╭──
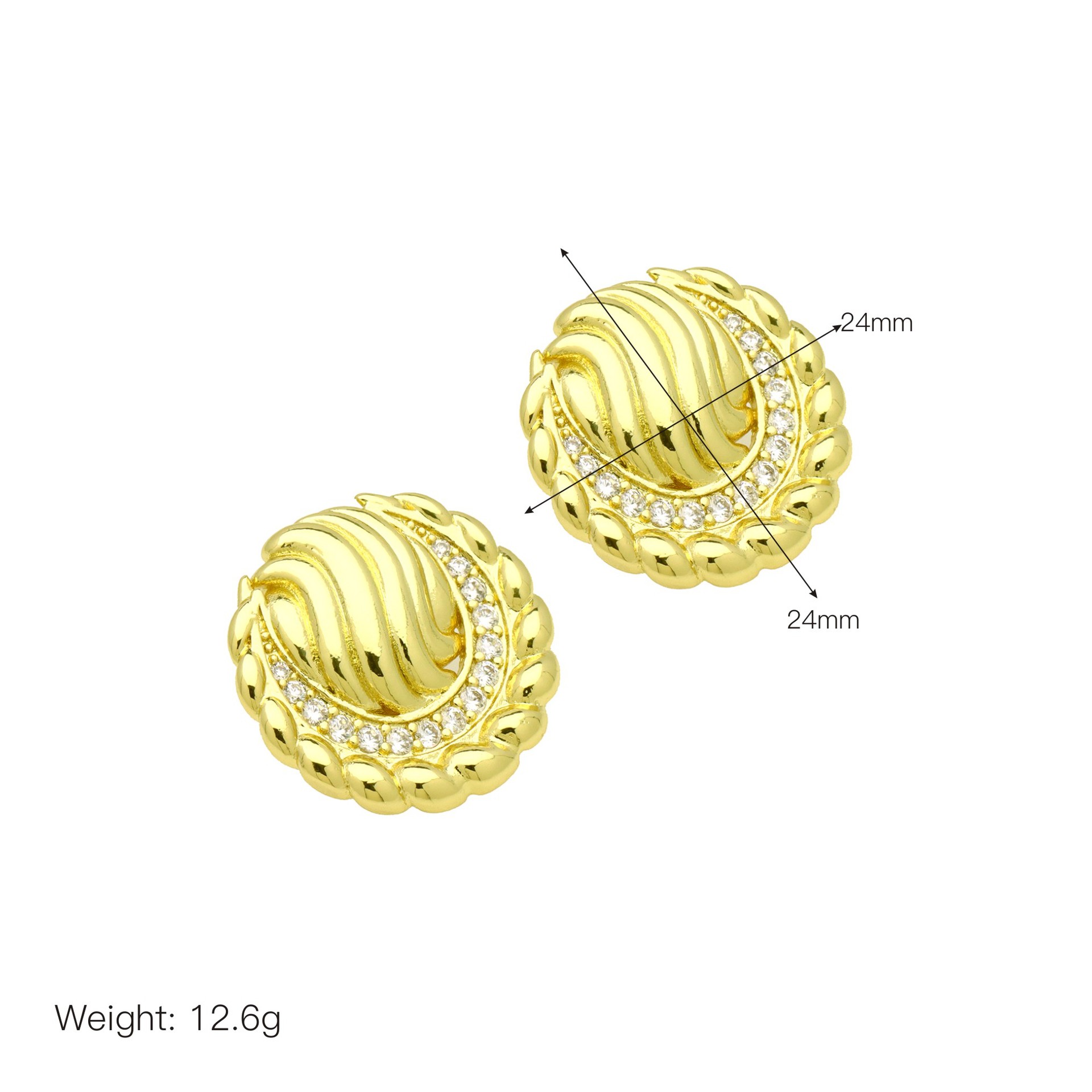 Befestiger Zirkonia Messing Ohrring, rund, 18K vergoldet, Modeschmuck & Micro pave Zirkonia & für Frau, Diameter: 1.3cm, verkauft von Paar
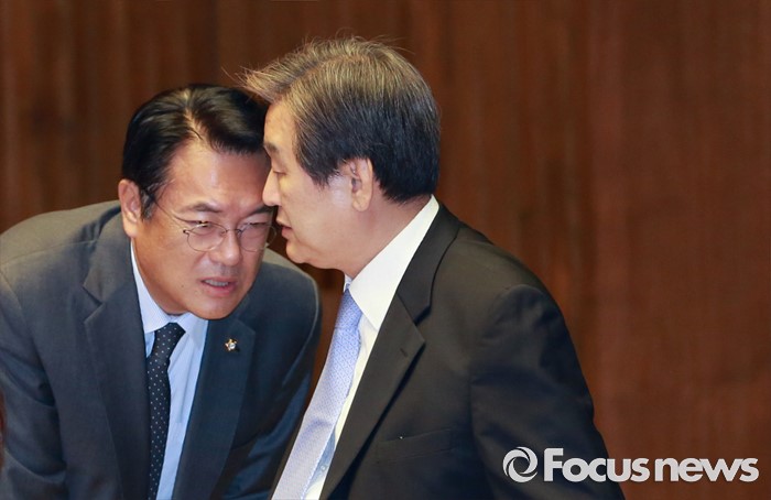 (서울=포커스뉴스) 김무성(오른쪽) 새누리당 전 대표와 정진석 원내대표가 13일 오전 서울 여의도 국회에서 열린 20대 국회 개원식에 참석해 대화하고 있다.
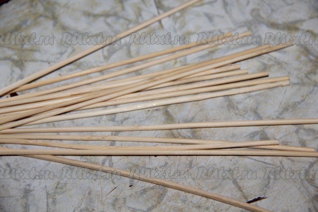 Из фарша формируем длинные колбаски и насаживаем их на шпажки.
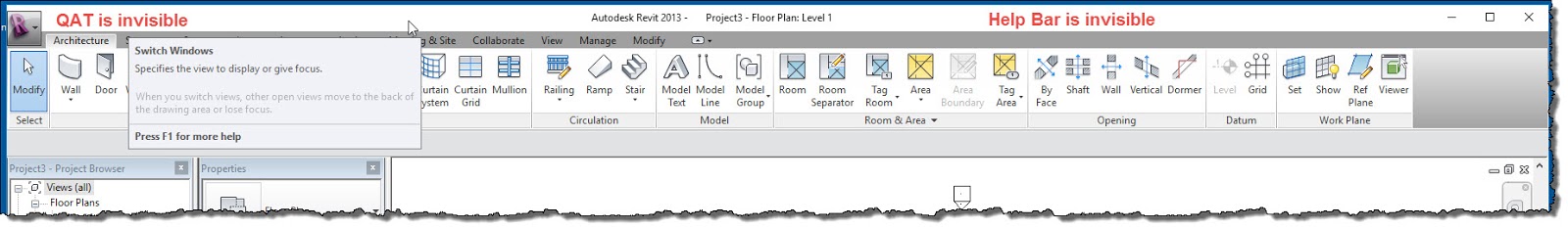 As soon as I got started working I noticed that the Title Bar of the UI is missing the Quick Access Toolbar (QAT) and the Help/Info Bar.
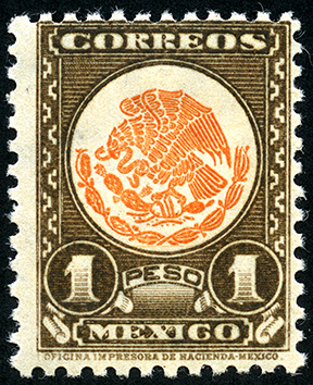 No. Scott: 850 -- Año de Emisión: 1947-1950 -- Valor facial: Un Peso -- Variedad de color: Café y Naranja -- Perforación: 10 1/2 -- Tipo de impresión: Grabado Timbre Postal Mexicano en colores café y naranja, en él se observa a una águila parada en un nopal, devorando a una serpiente, la cual se centra en un marco ornamentado, en la parte superior está escrito "CORREOS", y en la parte inferior el valor facial de "UN PESO" y "MEXICO". Para más información favor de dirigirse a biblioteca@mufi.org.mx
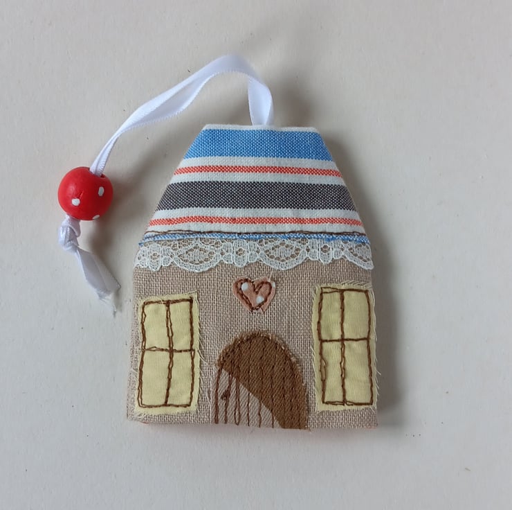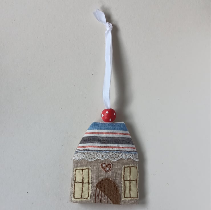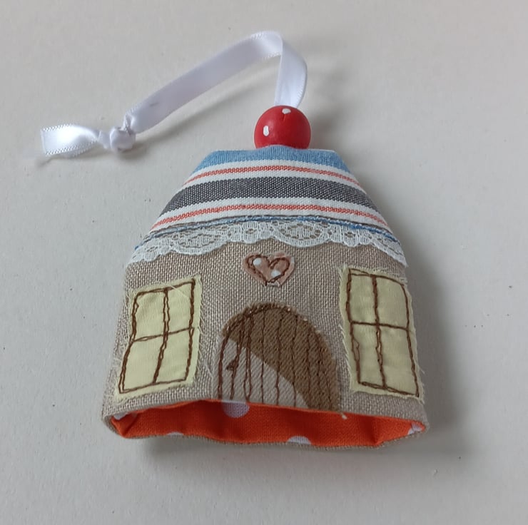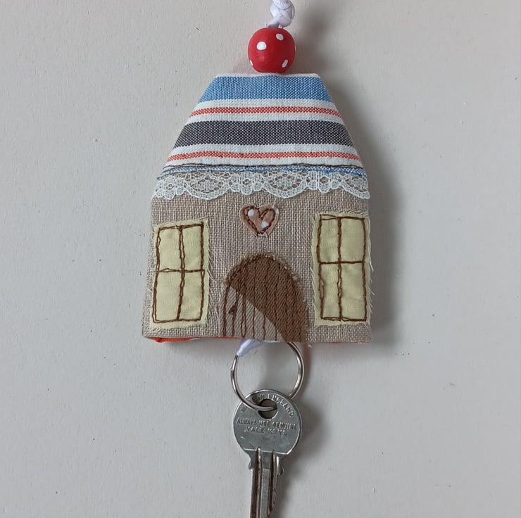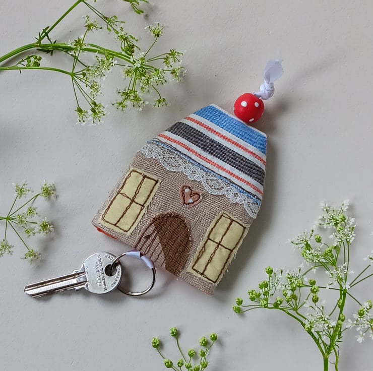 A little pouch to keep your keys safe and to stop them scratching anything in your bag or pocket. Pop your keys on the split ring then pull them up inside the pouch and the wooden bead helps keep them in place. The pouch is made from linen with a house design appliqued and embroidered on the front, using free motion embroidery. It has an orange spotty lining, a red and blue stripy roof and a beautiful red spotty wooden bead on a white ribbon. The pouch measures approximately 9cm high and 7.5cm wide. Would make a great new home gift.
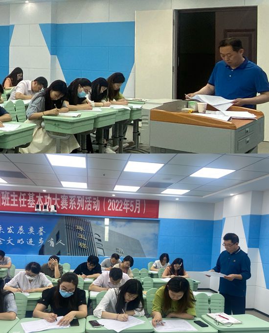 上午8:00在笔试现场,班主任们按照座位号入座,45周岁以下的班主任全员参加了测试。通过育人故事、带班育人方略、主题班会设计等内容考查班主任管理班级的理论水平与知识能力,关注班主任建班育人能力、艺术和策略。考场上,他们沉着应对,认真答题,展现出良好的班主任专业素养。
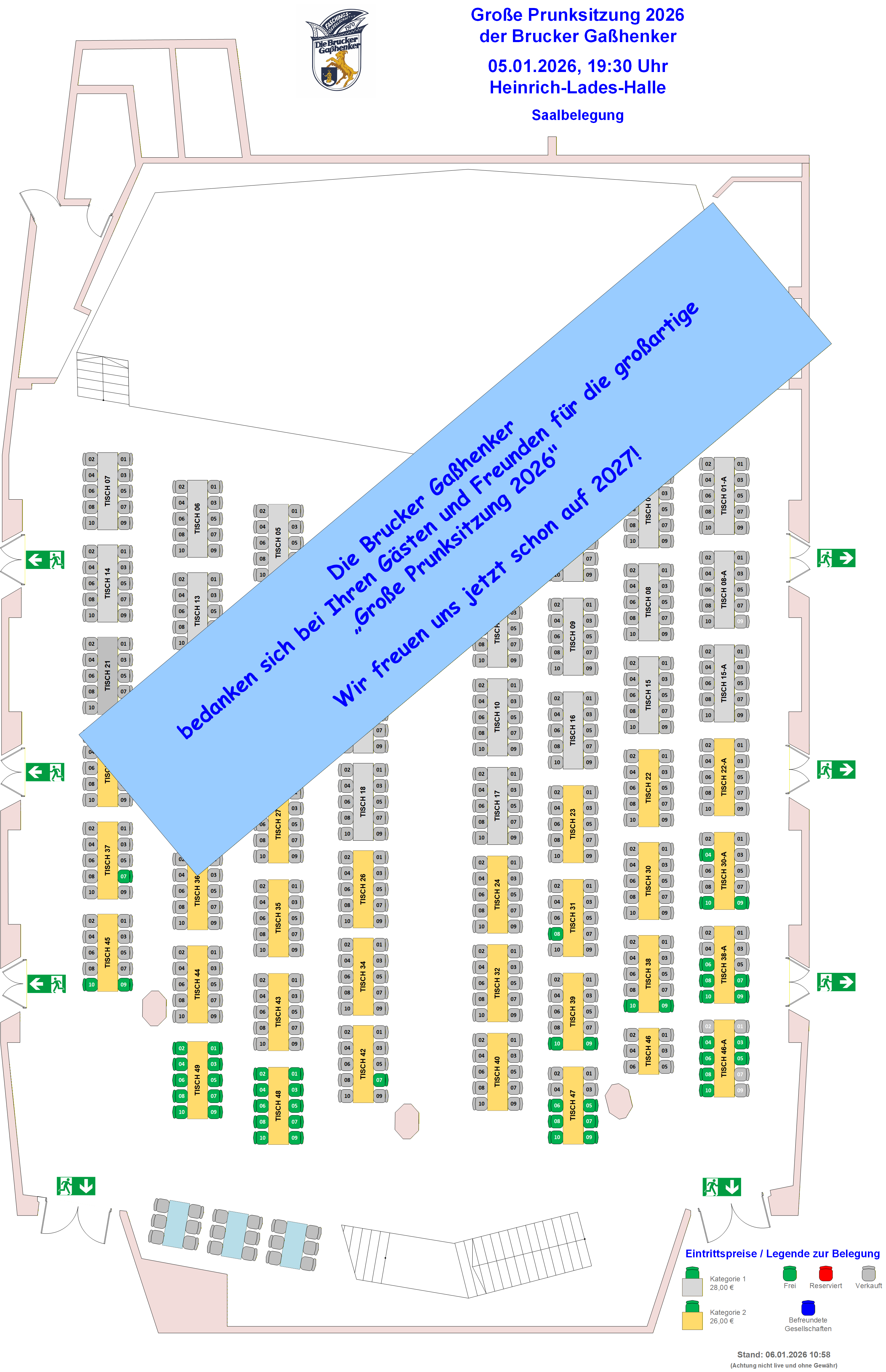 Der abgebildete Saalplan entspricht keiner Livedarstellung, daher können noch frei angezeigte Plätze bereits vergeben sein.
╰──
Problem statement.
Each entry should be output word for word, with no pictures carried over.

Response area.
 Befestiger Zirkonia Messing Ohrring, rund, 18K vergoldet, Modeschmuck & Micro pave Zirkonia & für Frau, Diameter: 1.3cm, verkauft von Paar
 (서울=포커스뉴스) 김무성(오른쪽) 새누리당 전 대표와 정진석 원내대표가 13일 오전 서울 여의도 국회에서 열린 20대 국회 개원식에 참석해 대화하고 있다.
 Из фарша формируем длинные колбаски и насаживаем их на шпажки.
 As soon as I got started working I noticed that the Title Bar of the UI is missing the Quick Access Toolbar (QAT) and the Help/Info Bar.
 No. Scott: 850 -- Año de Emisión: 1947-1950 -- Valor facial: Un Peso -- Variedad de color: Café y Naranja -- Perforación: 10 1/2 -- Tipo de impresión: Grabado Timbre Postal Mexicano en colores café y naranja, en él se observa a una águila parada en un nopal, devorando a una serpiente, la cual se centra en un marco ornamentado, en la parte superior está escrito "CORREOS", y en la parte inferior el valor facial de "UN PESO" y "MEXICO". Para más información favor de dirigirse a biblioteca@mufi.org.mx
 A little pouch to keep your keys safe and to stop them scratching anything in your bag or pocket. Pop your keys on the split ring then pull them up inside the pouch and the wooden bead helps keep them in place. The pouch is made from linen with a house design appliqued and embroidered on the front, using free motion embroidery. It has an orange spotty lining, a red and blue stripy roof and a beautiful red spotty wooden bead on a white ribbon. The pouch measures approximately 9cm high and 7.5cm wide. Would make a great new home gift.
 上午8:00在笔试现场,班主任们按照座位号入座,45周岁以下的班主任全员参加了测试。通过育人故事、带班育人方略、主题班会设计等内容考查班主任管理班级的理论水平与知识能力,关注班主任建班育人能力、艺术和策略。考场上,他们沉着应对,认真答题,展现出良好的班主任专业素养。
 Der abgebildete Saalplan entspricht keiner Livedarstellung, daher können noch frei angezeigte Plätze bereits vergeben sein.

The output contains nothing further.